Mitigation and Prevention: What to Do Now
For individuals
- Install apps only from trusted, well-controlled app stores where possible
- Avoid sideloading APKs from websites, especially for casual apps like games
- Keep Android devices patched and updated
- Review app permissions and remove games that request excessive access (contacts/SMS/calls)
For organizations (SOC + IT)
- Asset policy
- Restrict installation of unapproved apps on managed Android devices (MDM allowlists)

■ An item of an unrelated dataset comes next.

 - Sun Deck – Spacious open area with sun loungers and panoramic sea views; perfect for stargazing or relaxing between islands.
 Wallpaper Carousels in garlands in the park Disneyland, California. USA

- Restrict game installs on corporate endpoints where feasible
- Network controls
- Monitor and alert on gaming apps communicating with cloud storage platforms
- Use proxy categories and SSL inspection (where policy allows) to detect suspicious upload behavior
- Endpoint hardening
- Tighten application control and DLL loading controls on Windows endpoints
- Ensure EDR alerts for suspicious DLL replacement, unusual update behaviors, and anti-analysis checks
- Threat hunting
- Hunt for newly installed or unusual gaming applications in sensitive user populations
- Review historical update activity since late 2024 if exposure is suspected
- Incident response readiness
- If compromise is suspected:
- Isolate the device
- Collect forensic triage (process tree, network connections, installed apps)
- Rotate credentials used on the device
- Assess lateral movement risk if the device has enterprise access
- If compromise is suspected:
Common Misconceptions to Avoid
- “It’s just a game, so it can’t be serious.”

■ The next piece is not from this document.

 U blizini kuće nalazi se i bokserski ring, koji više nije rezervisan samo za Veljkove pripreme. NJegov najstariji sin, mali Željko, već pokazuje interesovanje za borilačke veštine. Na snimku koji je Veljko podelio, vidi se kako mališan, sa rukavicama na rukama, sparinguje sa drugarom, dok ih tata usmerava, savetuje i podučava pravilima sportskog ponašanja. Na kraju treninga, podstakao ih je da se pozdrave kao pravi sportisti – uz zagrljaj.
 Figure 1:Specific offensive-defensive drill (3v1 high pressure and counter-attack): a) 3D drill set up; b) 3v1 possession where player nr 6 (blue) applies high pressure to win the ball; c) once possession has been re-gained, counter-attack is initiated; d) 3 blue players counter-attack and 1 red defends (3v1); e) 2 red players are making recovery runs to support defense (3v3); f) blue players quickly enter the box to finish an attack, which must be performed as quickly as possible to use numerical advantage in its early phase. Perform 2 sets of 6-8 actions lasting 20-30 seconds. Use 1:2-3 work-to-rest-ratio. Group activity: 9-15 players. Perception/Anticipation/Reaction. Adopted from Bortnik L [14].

Supply chain attacks deliberately target trusted apps to reduce suspicion. - “Cloud traffic is safe traffic.”
Legitimate cloud platforms are often abused to hide command-and-control and data exfiltration. - “If the UI looks normal, it’s clean.”

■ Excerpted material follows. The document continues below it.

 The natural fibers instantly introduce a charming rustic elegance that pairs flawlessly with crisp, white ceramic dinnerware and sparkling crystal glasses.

Many modern backdoors run first, then hand control back to legitimate app workflows.
FAQs
What is a supply chain attack in this context?
An attack where threat actors compromise a legitimate distribution channel (like a game update server or download page) to deliver trojanized software to users.
Why were Android and Windows targeted but not iOS?
iOS distribution controls and review requirements typically make silent repackaging and direct distribution harder compared to web-hosted APKs and Windows installers.
What is BirdCall?
A backdoor used for surveillance and data theft. In this campaign, it appears in both Android and Windows variants, enabling broad collection of personal data and files.
What is RokRAT’s role in this attack?
RokRAT is used as a first-stage backdoor on Windows to establish foothold and deploy BirdCall.
What should SOC teams prioritize first?
Identify affected assets, block unauthorized installs, monitor anomalous cloud uploads from gaming apps, and hunt for suspicious update/DLL behavior on Windows endpoints.
Conclusion
This ScarCruft campaign shows how supply chain attacks are evolving beyond traditional enterprise software: attackers can compromise niche platforms and use them as trusted delivery channels for multiplatform backdoors. By combining trojanized installers, stealthy startup hijacking, and cloud-based exfiltration, the operators created a low-noise espionage pipeline against a targeted user base.
Key takeaway: Treat software distribution infrastructure—especially web-hosted installers and update mechanisms—as part of your attack surface. Monitor unusual cloud traffic from unexpected apps, enforce app controls on managed devices, and assume that “trusted downloads” can be weaponized.